Medicamentos e Interferentes

  • Esforço físico intenso nas 24 horas anteriores pode causar proteinúria transitória de esforço e elevar a RPC
  • Febre e infecções agudas aumentam a permeabilidade glomerular transitoriamente
  • Infecção urinária ativa com piúria intensa pode elevar a proteína urinária por leucócitos e debris
  • Amostra muito diluída (densidade < 1005) reduz a concentração de creatinina e pode superestimar a RPC
  • Contaminação com sangue menstrual eleva proteínas de forma artefatual
  • Uso de contrastes iodados nefrotóxicos recentes pode elevar a RPC temporariamente
  • Grandes massas musculares (bodybuilders) aumentam a excreção de creatinina e reduzem artificialmente a RPC
  • Sarcopenia, caquexia e idosos têm excreção de creatinina reduzida, superestimando a RPC
  • Medicamentos que interferem na creatinina sérica (trimetoprima, cimetidina) podem afetar excreção urinária de creatinina

Contextos Clínicos Especiais

Diabéticos tipo 1 e tipo 2

A RPC (ou preferencialmente a RAC) deve ser realizada anualmente em todos os diabéticos, a partir do 5º ano de diagnóstico no DM tipo 1 e desde o diagnóstico no DM tipo 2. A presença de microalbuminúria (RAC 30-300 mg/g) indica nefropatia diabética incipiente e mandatoriamente deve ser tratada com IECA ou BRA, além de controle glicêmico e pressórico intensivo.

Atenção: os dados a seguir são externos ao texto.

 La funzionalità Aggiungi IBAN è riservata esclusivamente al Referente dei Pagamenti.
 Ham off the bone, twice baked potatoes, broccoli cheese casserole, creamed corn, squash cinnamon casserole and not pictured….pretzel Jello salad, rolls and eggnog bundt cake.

RPC ≥ 0,5 mg/mg sugere nefropatia diabética franca com risco acelerado de progressão para insuficiência renal terminal.

Gestantes

Em gestantes com pressão arterial ≥ 140/90 mmHg após 20 semanas, a RPC é o exame de escolha para diagnóstico rápido de pré-eclâmpsia, substituindo a proteinúria de 24 horas em situações de urgência. RPC ≥ 0,3 mg/mg equivale a ≥ 300 mg de proteína em 24 horas — critério diagnóstico de pré-eclâmpsia. RPC ≥ 5,0 mg/mg associada a hipertensão grave define pré-eclâmpsia grave. O resultado deve ser interpretado em conjunto com plaquetas, transaminases, creatinina e ácido úrico.

Pacientes com LES

Em pacientes com lúpus eritematoso sistêmico, a RPC é monitorada regularmente para detecção de nefrite lúpica ativa. Aumento de RPC ≥ 0,5 mg/mg com sedimento urinário ativo (cilindros hemáticos, hematúria dismórfica) é indicação formal de biópsia renal para classificação histológica. A RPC também é usada para monitorar resposta à imunossupressão — queda progressiva da proteinúria indica remissão da nefrite lúpica.

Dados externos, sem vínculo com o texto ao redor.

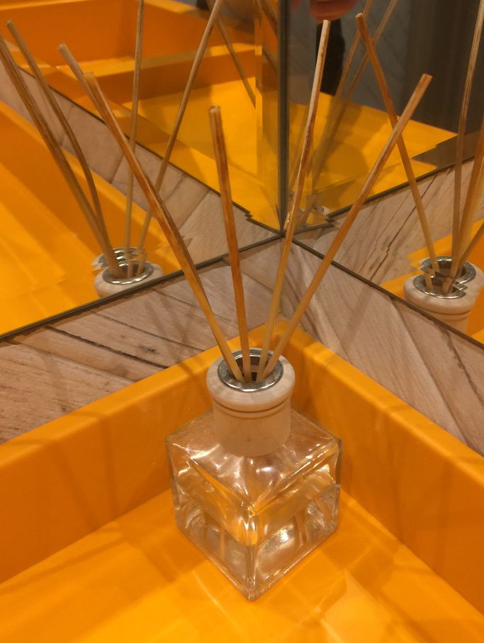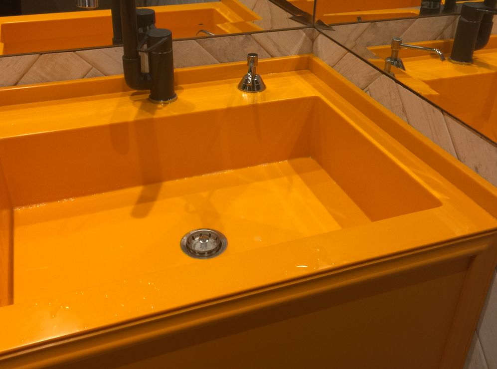 та же небрежная плитка, только уже на стенах, ярчайшая оранжевая раковина и большие зеркала. Жидкое мыло, бумажные

Pacientes com DRC estadiamento CKD-EPI

Nas diretrizes KDIGO, a proteinúria estimada pela RPC integra o estadiamento da DRC (categorias A1: 300 mg/g). Pacientes com TFG reduzida E proteinúria elevada têm prognóstico significativamente pior do que aqueles com apenas TFG reduzida. A RPC é monitorada a cada 3-6 meses nos estágios G3-G5 para guiar progressão, ajuste terapêutico e momento ideal de encaminhamento para terapia renal substitutiva.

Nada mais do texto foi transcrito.